Here’s a sample test in tests/test_users.py
:
import uuid
def test_crud(client):
# create
nickname = str(uuid.uuid4())
r = client.post("/users", json=dict(name=nickname))
r.raise_for_status()
# retrieve
url = f"/users/{r.json()['id']}"
assert client.get(url).json()["nickname"] == nickname
# delete
client.delete(url).raise_for_status()
assert client.get(url).status_code == 404
Then run the test:
$ poetry run pytest
=========================== test session starts ===========================
platform darwin -- Python 3.8.2, pytest-5.4.1, py-1.8.1, pluggy-0.13.1
rootdir: gino-fastapi-demo
collected 1 item
tests/test_users.py . [100%]
============================ 1 passed in 1.21s ============================
Notes for Production¶
Given the popularity of Docker/Kubernetes, we’ll build a Dockerfile
for our demo:
FROM python:3.8-alpine as base
FROM base as builder
RUN apk add --no-cache gcc musl-dev libffi-dev openssl-dev make postgresql-dev
RUN pip install poetry
COPY . /src/
WORKDIR /src
RUN python -m venv /env && . /env/bin/activate && poetry install
FROM base
RUN apk add --no-cache postgresql-libs
COPY --from=builder /env /env
COPY --from=builder /src /src
WORKDIR /src
CMD ["/env/bin/gunicorn", "gino_fastapi_demo.asgi:app", "-b", "0.0.0.0:80", "-k", "uvicorn.workers.UvicornWorker"]
In this Dockerfile
, we used 2 phases to separate the building from the production
image to reduce target artifact size. Also, we are using Gunicorn with
UvicornWorker
from Uvicorn as the worker class for best production reliability.

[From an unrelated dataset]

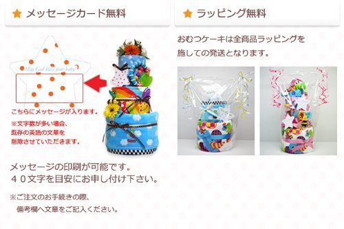 ▼紙おむつのメーカーと枚数 「パンパース」or「ムーニー」or「グーン」×23枚 おむつのサイズはS,M,Lからお選びいただけます ※Mサイズやをお選びの場合20枚 ※Lサイズやパンツタイプをお選びの場合18枚 ☆目安☆ Sサイズ(4-8kg) Mサイズ(6-11kg) Lサイズ(9-14kg) ▼おむつケーキのサイズ 直径約25cm×高さ約40cm ▼このおむつケーキの装備アイテム ■今治 バスタオル 桜美織 ■今治 ウォッシュ・タオル 桜美織 ■オーガニックコットンのガラガラ ■メッセージカード ■アートフラワー

Let’s review what we have in the project.
This is the end of the tutorial to build a demo. Below is an incomplete checklist to go live:
Set
DB_RETRY_LIMIT
to a larger number to allow staring the application server before the database is fully ready.Implement the same retry logic in
migrations/env.py
so that Alembic gets the same functionality.Enable
DB_SSL
if needed.Write a
docker-compose.yml
for other developers to get a quick taste or even use it for development.Enable CI, install
pytest-cov
and use--cov-fail-under
to guarantee coverage.Integrate static code analysis tools and security/CVE checking tools.
Automate Alembic upgrade properly - e.g. after new version is deployed.
Be aware of the common security attacks like CSRF, XSS, etc.
Write load tests.
Again, the source code of the demo is available here, and the source of this tutorial is here. Please feel free to submit PRs to fix issues or add your thoughts. Happy hacking!